Researchers have developed a new "assassin cell" therapy for treating HIV which involves engineering the patient's own immune system to fight the virus more effectively. It could be used to boost the defences of people with advanced HIV infection.

The therapy – which has proved effective in laboratory tests using human cell cultures – will be tested in a USA clinical trial of 35 patients with advanced HIV infection that is due to start next summer.

Efforts to find a traditional vaccine against HIV have so far drawn a blank. "HIV mutates so quickly," said Dr Bent Jakobsen at Adaptimmune, the company in Oxford that is developing the new approach. "Gradually it gets better and better at escaping the detection of the immune system."

unusually resistant man

Jakobsen and his colleagues began to pursue a different approach after investigating a patient who had resisted his HIV infection particularly effectively. "When we tested the T cells from this patient, it looked as if he was responding to a number of those variants that normally escape the immune system," he said.

T cells are part of the immune system and attack and destroy cells within the body with any infection. They can recognise parts of HIV – antigens – on the outside of infected cells. In this patient, the T cell receptor protein seemed particularly good at recognising HIV antigens.
 

How they did it

The team isolated his receptor protein and then improved its ability to recognise HIV further by randomly mutating it. Treating patients will involve taking a blood sample and adding an engineered virus containing genes for the improved T cell receptor. The patient's own T cells then take up the genes and so are equipped with the improved receptor. These cells are then injected back into the patient. The result was a T cell receptor that binds to HIV 450 times more strongly. The study was published yesterday in Nature Medicine.

"In the face of our engineered assassin cells, the virus will either die or be forced to change its disguises again, weakening itself along the way," said Prof Andy Sewell from Cardiff University.
"Because the immune cells work so much better when they have this modified antigen receptor they can eliminate the virus. And the mutants that normally escape detection are also recognised and eliminated," Jakobsen said. "That's not to say that will happen in patients. HIV is incredibly difficult to deal with. But it does give hope that it will do much more than the immune system does against the virus."

The search for a vaccine has not gone smoothly. Last year a major trial of an experimental vaccine developed by Merck was abandoned and during the summer work on another vaccine candidate was shelved.

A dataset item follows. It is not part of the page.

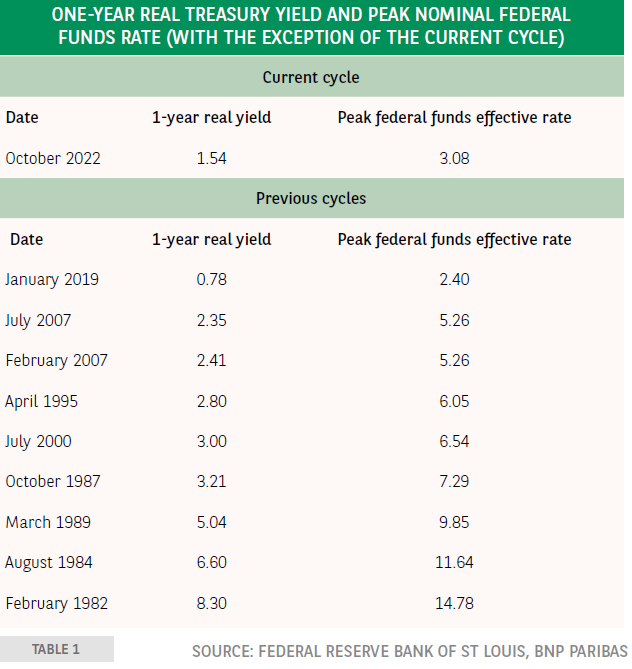 美联储会在什麽水平停止提高联邦基金利率?这个问题对美国经济的活动和需求以及金融市场都极為重要。在最近的新闻发布会上,美联储主席杰罗姆·鲍威尔对联邦公?市场委员会的反应功能含糊其词,但他确实提到了他们将关注实际利率。这就提出了一个问题,用哪种通胀指标来从名义利率转向实际利率?一个可能的解决方案是使用克利夫兰联邦储备银行(Federal Reserve Bank of Cleveland)计算的通胀预期期限结构。侭管最近大幅上涨,但除2018年外,一年期实际国债收益率仍低于前几次紧缩周期期间达到的水平。在通胀上升的背景下,紧缩周期显然不会结束。侭管美国1年期国债的实际收益率最近大幅上升,但仍低于此前紧缩周期期间达到的水平。美联储的工作还没有结束。

The clinical trial of 35 patients next summer will take place at the University of Pennsylvania in Philadelphia. There have been many false dawns before and this is just the start of a long process before this potential method can be adopted more widely. This is a process that is highly complex requiring experts and laboratories. It is not going to be cheap either. However it does offer a prospect for some people with advanced HIV infection who may have few other choices.